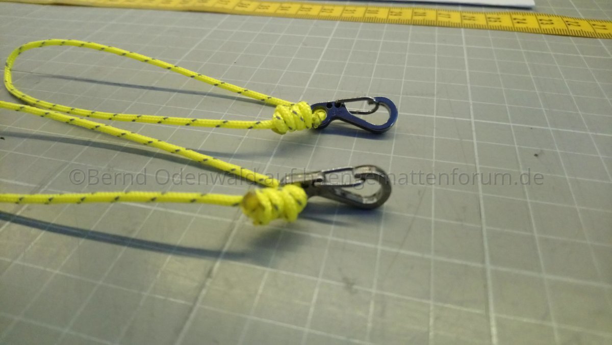 Die Schnur wurde etwas länger um den Klemmknoten besser legen zu können.
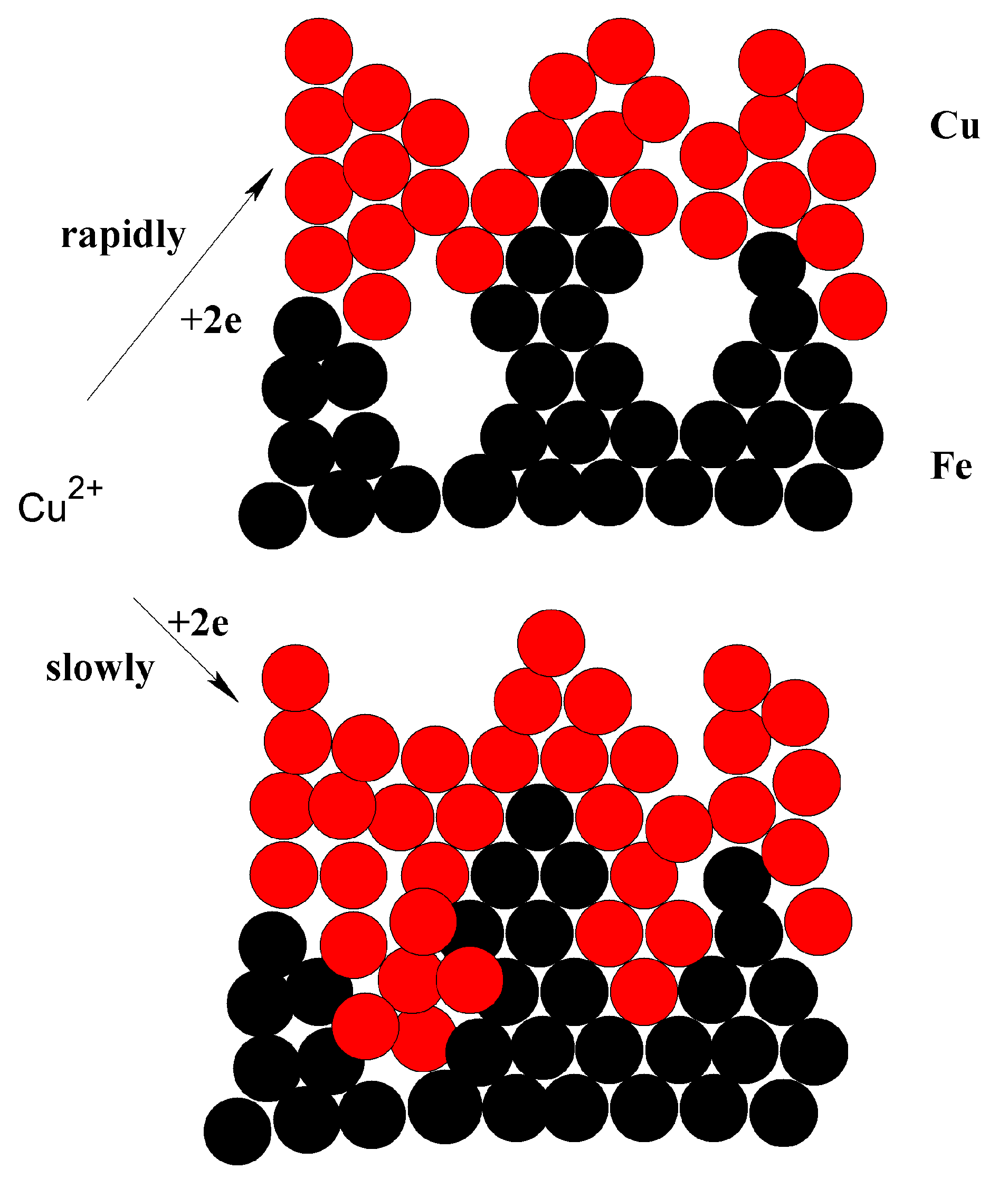 In our case, the low electrodeposition rate was provided due to a very low concentration of Cu2+ ions.
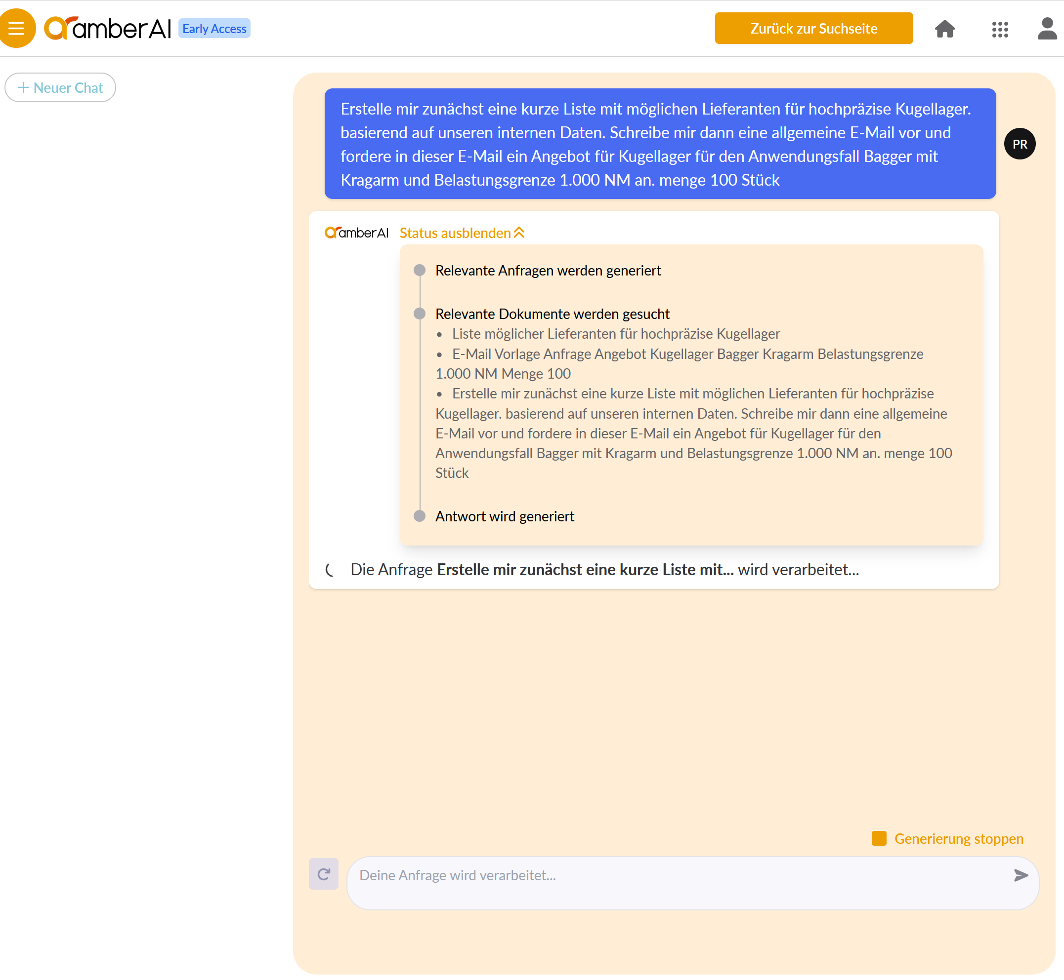 The AI analyzes the request and sends up to 10 resulting search queries to the system in the background. All information is then aggregated and the actions requested by the user are carried out.

### The problem
Nothing but the pictures may be dropped as you repeat the listing above exactly.

### Your solution
 Die Schnur wurde etwas länger um den Klemmknoten besser legen zu können.
 In our case, the low electrodeposition rate was provided due to a very low concentration of Cu2+ ions.
 The AI analyzes the request and sends up to 10 resulting search queries to the system in the background. All information is then aggregated and the actions requested by the user are carried out.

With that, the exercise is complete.